For contact centres, what managers and agents need to know is the volume of contacts to expect at any given time. To deliver a superior level of service to customers, a contact centre has to plan ahead. Forecasted contact volumes are the building blocks of effective planning.

The importance of forecasting stems from how it aids a centre to balance high-quality service and cost-efficiency. How essential forecasting is in that regard is evident once you get to grips with its connection to WFM.   

Demand & Supply – The Relationship Between Forecasting & WFM

In many types of business, supply and demand is an essential concept. In retail, companies must have the right amount of stock to meet consumers’ needs. They must, though, avoid having too much inventory as that can raise their costs unnecessarily. Things are broadly similar in the call centre industry.

A contact centre supplies advice and solutions in the place of retail goods. They must meet customer demands for that assistance. The higher the demand, the higher the call volume the centre will receive. 

Rather than increasing stock levels, a centre meets increased demand by having more working agents. Having too many advisors active, though, damages an organisation’s bottom line. No business wants to be paying workers who don’t have enough work to keep them busy.

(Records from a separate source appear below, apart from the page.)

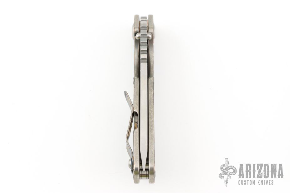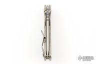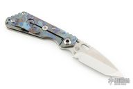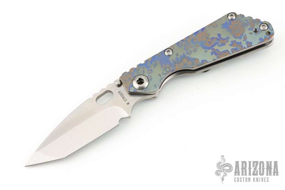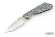 This Mick Strider Performance series SNG framelock folder features a satin finished tanto blade with thumbhole and notched thumbrest. The handle has a Partizan finished titanium frame with titanium clip, tip up carry. Jimping on blade spine. Includes Hinderer "Lock Bar Stabilizer" for maximum reverse lock retention. Excellent lockup, detent, and blade seating. New Condition.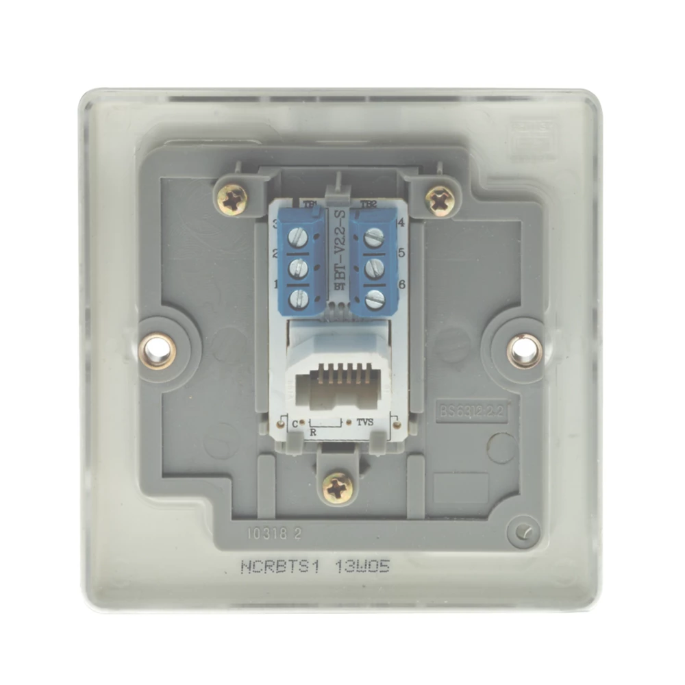 Slave socket with screw type connections for secondary and extension telephone sockets. Sleek and slim design with soft, rounded corners.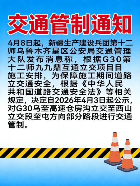 4月8日,新疆生产建设兵团第十二师乌鲁木齐垦区公安局交通管理大队发布消息称,根据G30第十二师九鼎互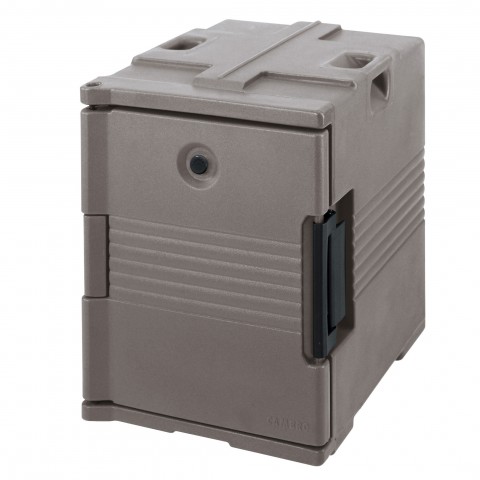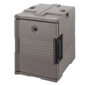 Ultra Pan Carrier®, front loading, one-piece poly shell, foam insulation, holds 1/2, 1/3 & full size pans 2-1/2" to 8" deep, approximate capacity 60 qt., molded-in handles, nylon latch, air-tight gasket, vent cap, stackable, dishwasher safe, granite sand, NSF, Made in USA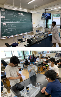 6年生の理科「ものの燃え方」の学習です。ものが燃える前と後の空気の変化を調べる実験です。今回は、火を扱う実験でしたので、感染防止と安全の両面に留意しながら、理科室で実施しました。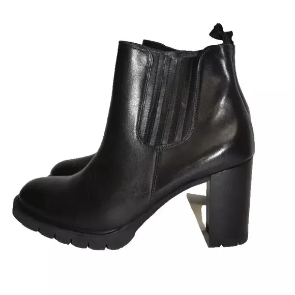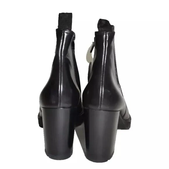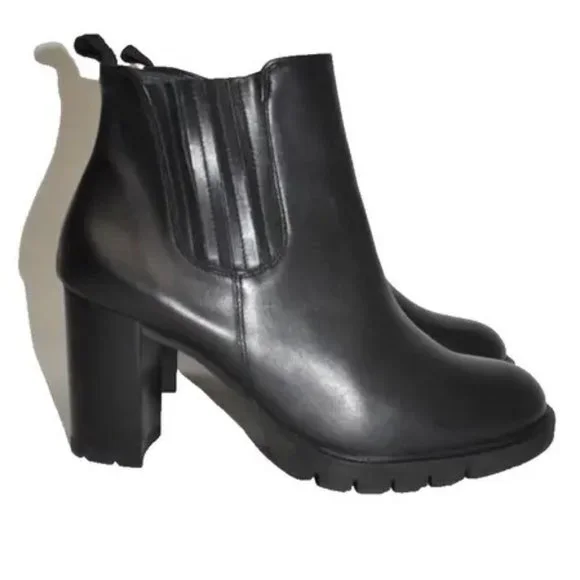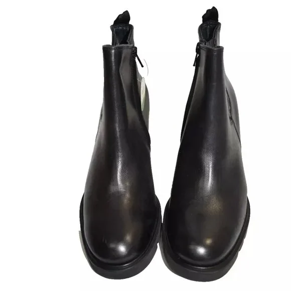 STORE RETURN- EXCELLENT LIKE NEW- PLEASE SEE PICTURES6.5 AU = 9 USDETAILS & CAREA treaded sole and stacked block bring a touch of edge to this round-toe Chelsea boot featuring flexible hidden gore insets and a side zip for easy on and off.3 1/4" heel; 3/4" platform4 1/4" shaftCushioned footbedLeather upper and lining/synthetic soleMade in AUSTRIANO SHOE BOX OR BAG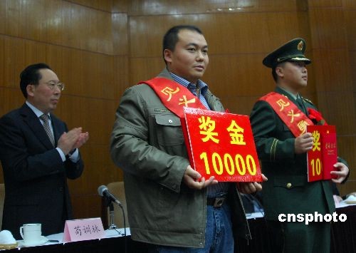 3月19日,青島開發區召開見義勇為表彰大會,隆重表彰“3.8”唐島灣跳海救人英雄樊升坤等35名見義勇為積極分子,并為他們頒發了見義勇為積極分子榮譽證書和1000元至50000元不等獎金。中新社發 衛卿 攝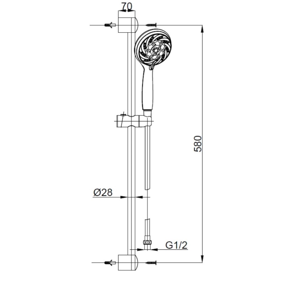 Душевой гарнитур Azario Mano имеет высоту 58 см . В комплект поставки входит душевая стойка, душевая лейка, настенное крепление, шланг для душа.
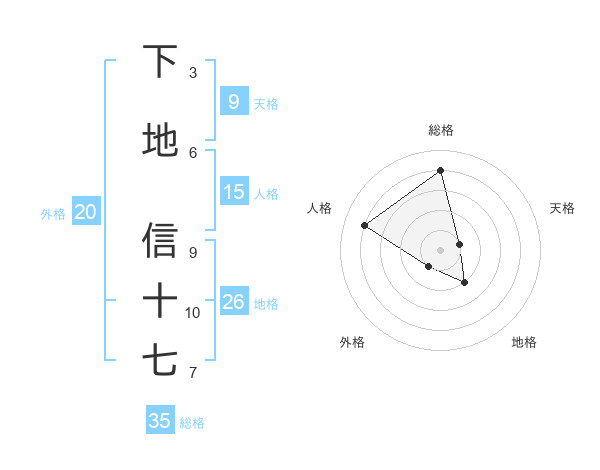 下地 信十七さんの総格は35画の4点!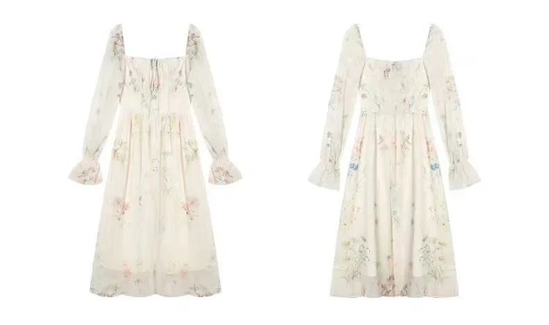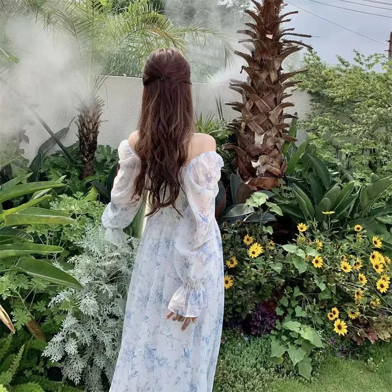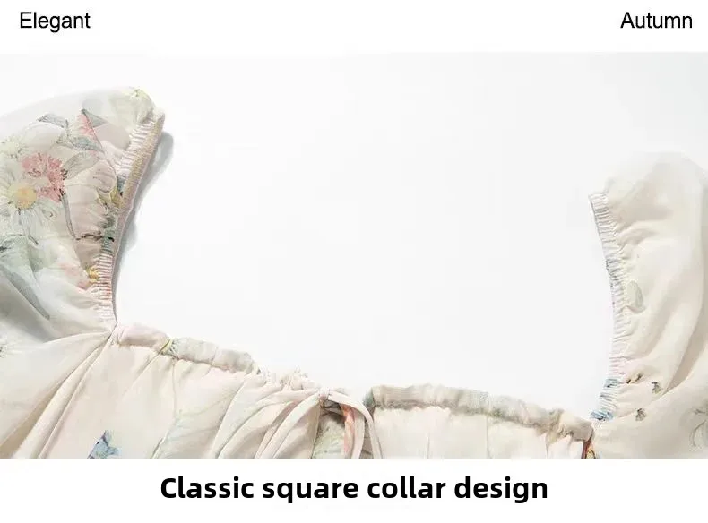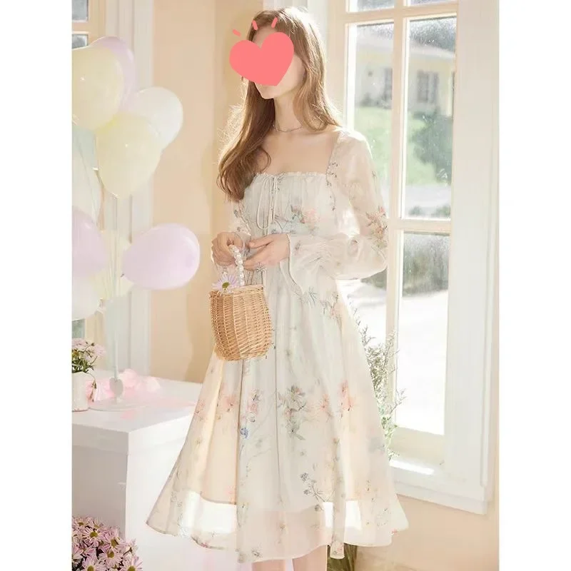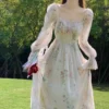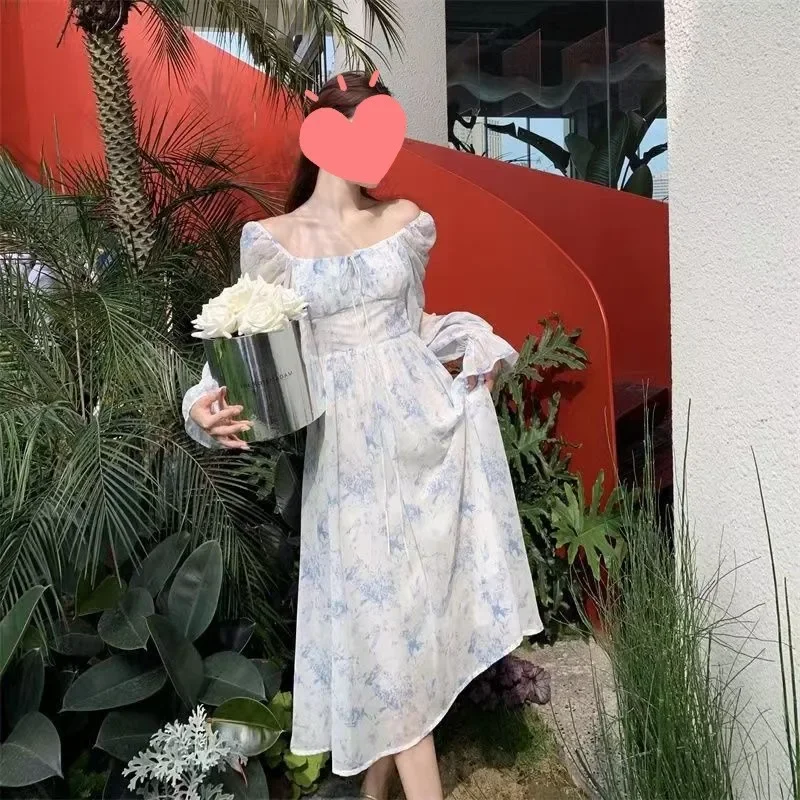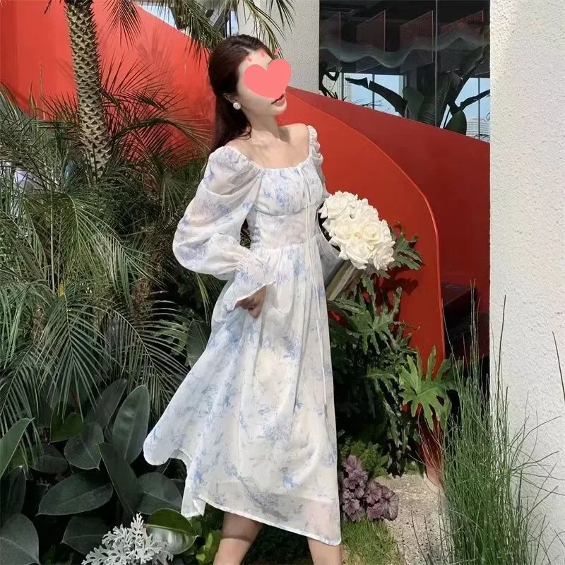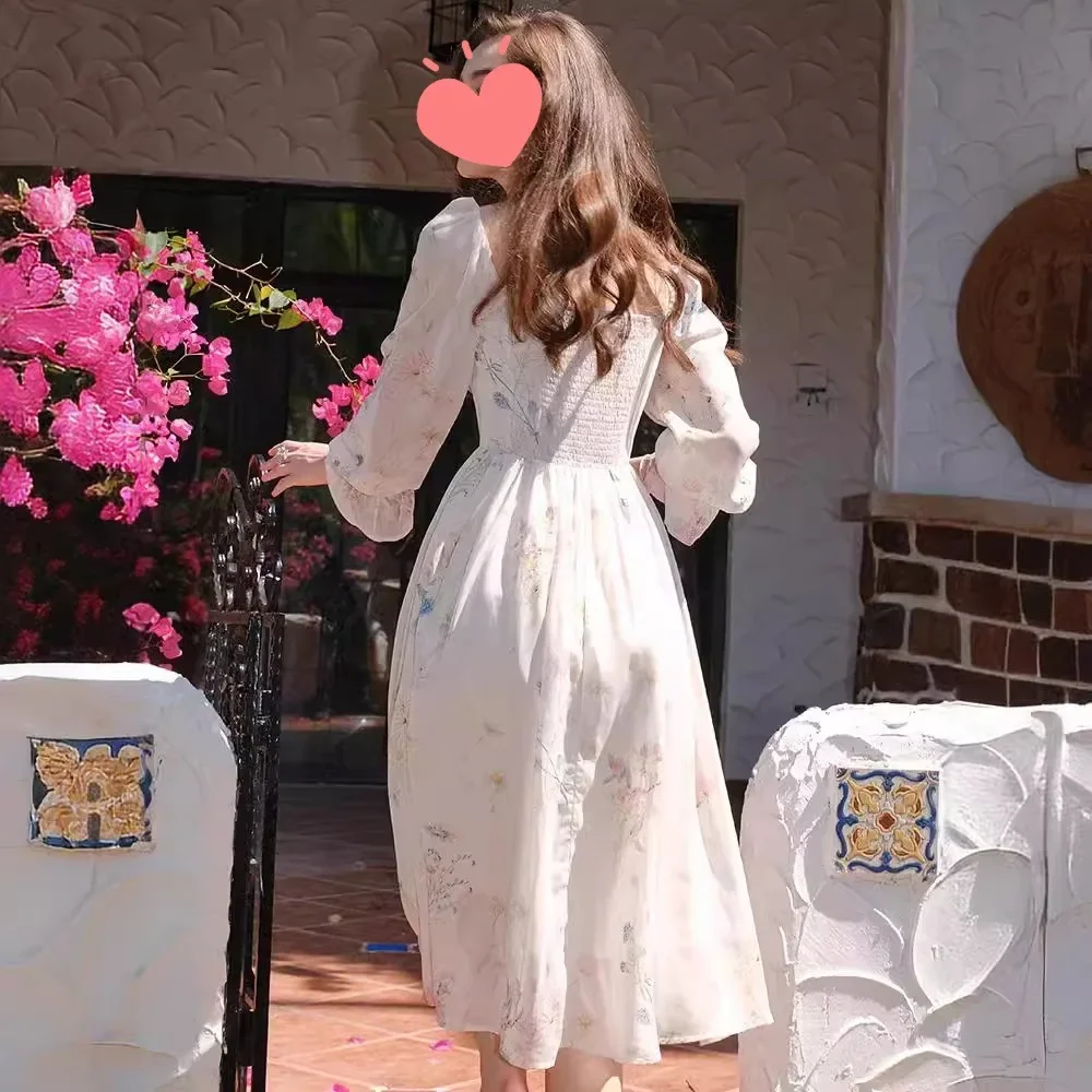 Elegant French Style Lantern Sleeve Long Dresses For Women 2024 Spring Summer New Waist-Fitted Fragrant Flower Dresses

Source: Call Centre Helper 

FM Outsource explained how “labour flexibility” was crucial to the firm’s success. The business has both on-premises and home-based agents. They also have advisors who work core hours, but can add working time to those flexibly. Getting their forecasting right is the only way to know how to manage the workforce best.  

All centres must get as good an idea as they can of the demand which their supply must satisfy. Factors that have to get considered when forecasting include:

  • Historical contact volumes
  • Patterns and trends of contacts over time
  • Typical seasonal fluctuations
  • Holidays, events, and occurrences that can impact contact volumes. These could be specific to a business, a country, or even global.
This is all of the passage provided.